Consider the following query that shows the in-use heap for each Persistent Query (PQ) at a specific timestamp:
stateLog = db.liveTable("DbInternal", "PersistentQueryStateLog").lastBy("SerialNumber")
withState = stateLog.where("Status in `Running`, `Initializing`, `AcquiringWorker`, `Connecting`, `Stopping`, `Executing`").view("SerialNumber", "Name", "VersionNumber", "Status")
withConfiguration = withState.naturalJoin(db.liveTable("DbInternal", "PersistentQueryConfigurationLogV2").lastBy("SerialNumber", "VersionNumber"), "SerialNumber,VersionNumber", "HeapSizeInGB")
state_log = db.live_table("DbInternal", "PersistentQueryStateLog").last_by(
"SerialNumber"
)
with_state = state_log.where(
"Status in `Running`, `Initializing`, `AcquiringWorker`, `Connecting`, `Stopping`, `Executing`"
).view(["SerialNumber", "Name", "VersionNumber", "Status"])

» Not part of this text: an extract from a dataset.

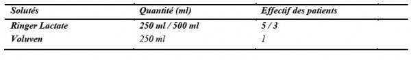 le Ringer lactate a été le soluté de remplissage le plus sollicité au cours de cette période opératoire utilisé chez 8 patients (tableau I).
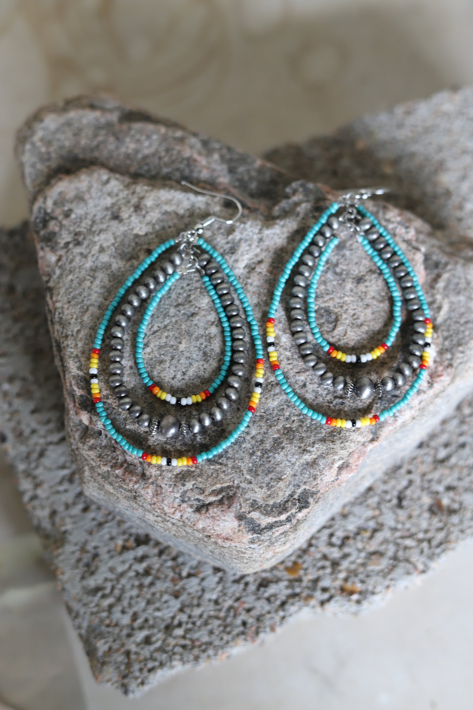 0030 T173 TURQ DOUBLE HOOP FAUX SILVER BEAD WITH SEEDBEAD MULTI ER

with_configuration = with_state.natural_join(
db.live_table("DbInternal", "PersistentQueryConfigurationLogV2").last_by(
["SerialNumber", "VersionNumber"]
),
"SerialNumber,VersionNumber",
"HeapSizeInGB",
)
This produces the following table in a Code Studio:
Notice that the HeapSizeInGB
column contains a null
value for a running query. We expect that every running query has a heap size. To debug this issue, we break the query into constituent operations to find the first operation that does not contain our expected data. Here is an equivalent query that splits out the PersistentQueryConfigurationLogV2
into a separately named variable called config_log
:
stateLog = db.liveTable("DbInternal", "PersistentQueryStateLog").lastBy("SerialNumber")

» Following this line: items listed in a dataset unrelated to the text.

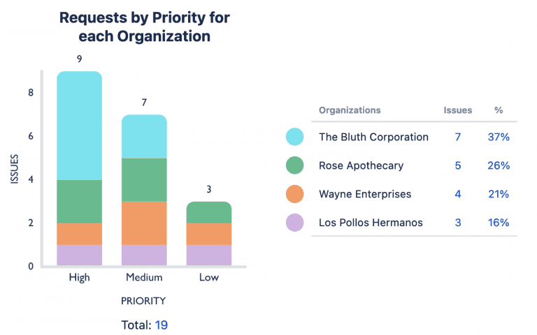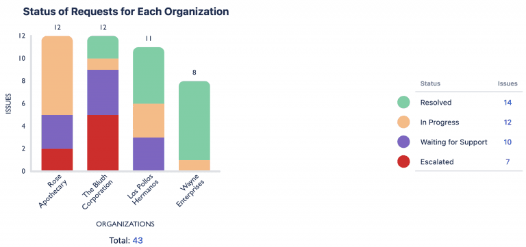 We can see that Rose Apothecary submitted 12 requests to the support portal, but none of them have been resolved. They also have a few requests that have been escalated. Most of the requests from the Bluth Corporation have been escalated and very few have been resolved. And meanwhile the team has resolved most of Wayne Enterprise’s requests.
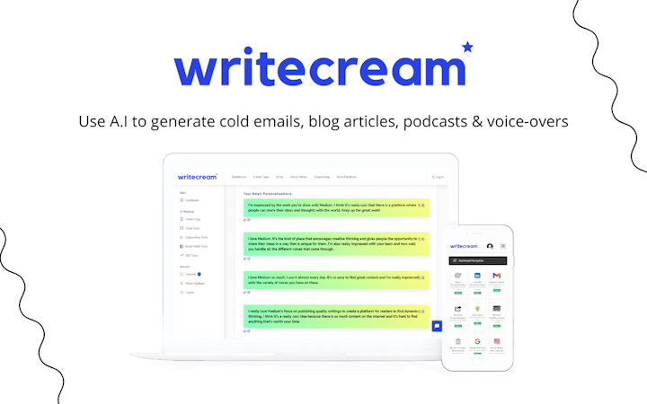 Writecream is an AI-powered marketing tool that uses advanced machine learning to write copies for Google ads, landing pages, product descriptions, blog posts, social media, and more. Users can generate personalized introductions for outbound marketing campaigns.
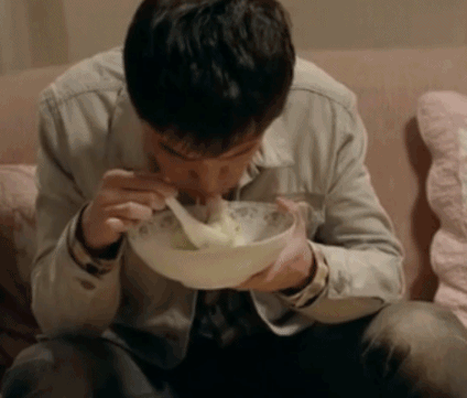 饥肠辘辘的他,笑着将粥喝下,

withState = stateLog.where("Status in `Running`, `Initializing`, `AcquiringWorker`, `Connecting`, `Stopping`, `Executing`").view("SerialNumber", "Name", "VersionNumber", "Status")
configLog = db.liveTable("DbInternal", "PersistentQueryConfigurationLogV2").lastBy("SerialNumber", "VersionNumber")

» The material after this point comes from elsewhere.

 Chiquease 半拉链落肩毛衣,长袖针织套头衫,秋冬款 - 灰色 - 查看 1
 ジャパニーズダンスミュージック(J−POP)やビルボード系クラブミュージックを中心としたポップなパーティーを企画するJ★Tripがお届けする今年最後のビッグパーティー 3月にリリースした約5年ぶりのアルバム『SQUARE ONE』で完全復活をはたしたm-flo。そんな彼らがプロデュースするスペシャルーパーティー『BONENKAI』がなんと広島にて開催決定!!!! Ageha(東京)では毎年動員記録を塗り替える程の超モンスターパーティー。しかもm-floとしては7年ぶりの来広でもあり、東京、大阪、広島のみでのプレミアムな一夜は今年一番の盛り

withConfiguration = withState.naturalJoin(configLog, "SerialNumber,VersionNumber", "HeapSizeInGB")
state_log = db.live_table("DbInternal", "PersistentQueryStateLog").last_by(
"SerialNumber"
)
with_state = state_log.where(
"Status in `Running`, `Initializing`, `AcquiringWorker`, `Connecting`, `Stopping`, `Executing`"
).view(["SerialNumber", "Name", "VersionNumber", "Status"])
config_log = db.live_table("DbInternal", "PersistentQueryConfigurationLogV2").last_by(
["SerialNumber", "VersionNumber"]
)
with_configuration = with_state.natural_join(
config_log, "SerialNumber,VersionNumber", "HeapSizeInGB"
)
From this table, we can see that "Sleep on Startup" is not present, so the error is that config_log
does not have the desired data. There is no filter for the table, but only data for today's date is present. The easiest way to see that there is only one value is to hover over the Date column header in the UI to display the statistics, which confirms there is only one unique value:
The live_table
method we used for retrieving the DbInternal.PersistentQueryConfigurationLogV2
table only contains data served by the Data Import Server, not data that has been merged to historical storage. If we combine the historical configuration data with live data, then we achieve the desired result:
stateLog = db.liveTable("DbInternal", "PersistentQueryStateLog").lastBy("SerialNumber")
withState = stateLog.where("Status in `Running`, `Initializing`, `AcquiringWorker`, `Connecting`, `Stopping`, `Executing`").view("SerialNumber", "Name", "VersionNumber", "Status")
configLog =merge(db.historicalTable("DbInternal", "PersistentQueryConfigurationLogV2"), db.liveTable("DbInternal", "PersistentQueryConfigurationLogV2")).lastBy("SerialNumber", "VersionNumber")
withConfiguration = withState.naturalJoin(configLog, "SerialNumber,VersionNumber", "HeapSizeInGB")
from deephaven import merge
state_log = db.live_table("DbInternal", "PersistentQueryStateLog").last_by(
"SerialNumber"
)
with_state = state_log.where(
"Status in `Running`, `Initializing`, `AcquiringWorker`, `Connecting`, `Stopping`, `Executing`"
).view(["SerialNumber", "Name", "VersionNumber", "Status"])
config_log = merge(
[
db.historical_table("DbInternal", "PersistentQueryConfigurationLogV2"),
db.live_table("DbInternal", "PersistentQueryConfigurationLogV2"),
]
).last_by(["SerialNumber", "VersionNumber"])
with_configuration = with_state.natural_join(
config_log, "SerialNumber,VersionNumber", "HeapSizeInGB"
)
Rerunning the query with the historical data included results in a value for our heap size.